Give again exactly the lines that run from the start of the records to the line holding "Figure 2 – Adult", both ends counted. Do not include the pictures.

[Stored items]
━━━━━━━━━━━━━━━━━━━━

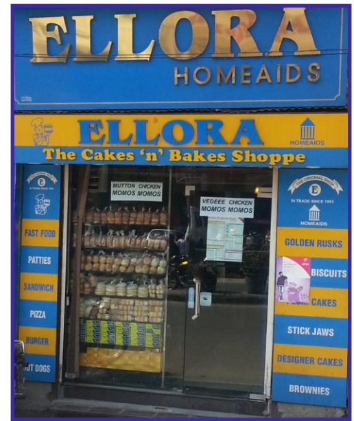
A Picture from the season of 2013

taking online classes from their respective colleges situated in different cities. Now that I have committed myself to bring the publication to its destination.
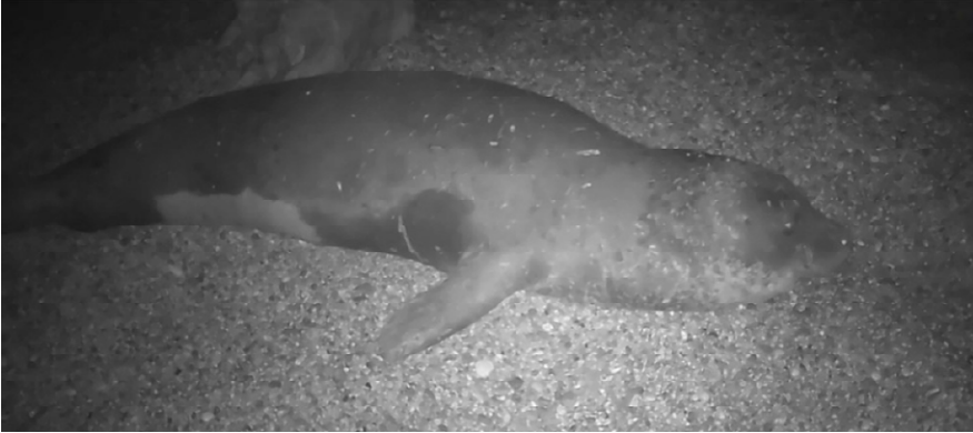
Figure 2 – Adult male captured by infrared cameras and subsequently identified in the central Ionian, Greece.

More recent monitoring work includes the analysis of the MMS' diet from faeces collected in marine caves (Fig.3) in the countries mentioned above (1998 – present), except for Montenegro [11, 31].
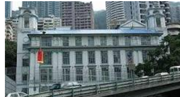
The west block of the college

We can know about the educational status of the local Chinese as the schools were built in the mid-levels where the foreigners live and which means Chinese people couldn't receive education during the colonial period.
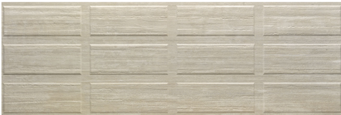
Suite Hotel Vison
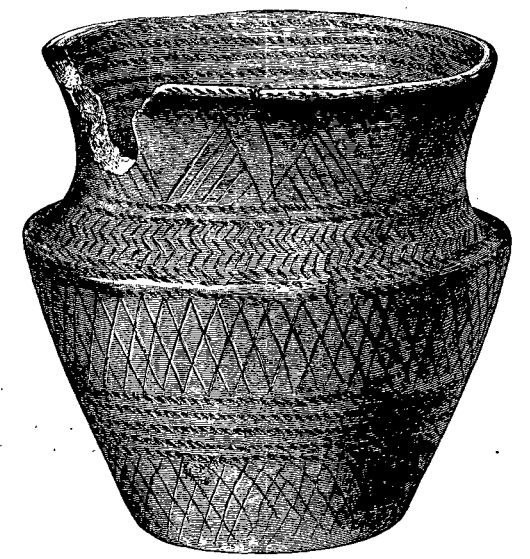
Fig. 7. Urn found at Cairngaan, Kirkmaiden (5 inches in height).

No. 11. By the kind permission of the Council of the Ayrshire and Galloway Archæological Association and of Sir Herbert Maxwell, Bart. of Monreith, I show an engraving from their Collections, vol. v. 45, of a fine "food" urn, 5 \times 4\frac{7}{8} inches, diameter of flat base 2\frac{3}{4} inches. Body flower-pot shaped, contracted sharply at a narrow shoulder to a broad concave collar, widening to the brim. Ornamented nearly all over with encised lines in lozenge and chevron patterns, or encircling corded lines.

━━━━━━━━━━━━━━━━━━━━

**OUTPUT FOR THIS EXERCISE:**
A Picture from the season of 2013

taking online classes from their respective colleges situated in different cities. Now that I have committed myself to bring the publication to its destination.
Figure 2 – Adult male captured by infrared cameras and subsequently identified in the central Ionian, Greece.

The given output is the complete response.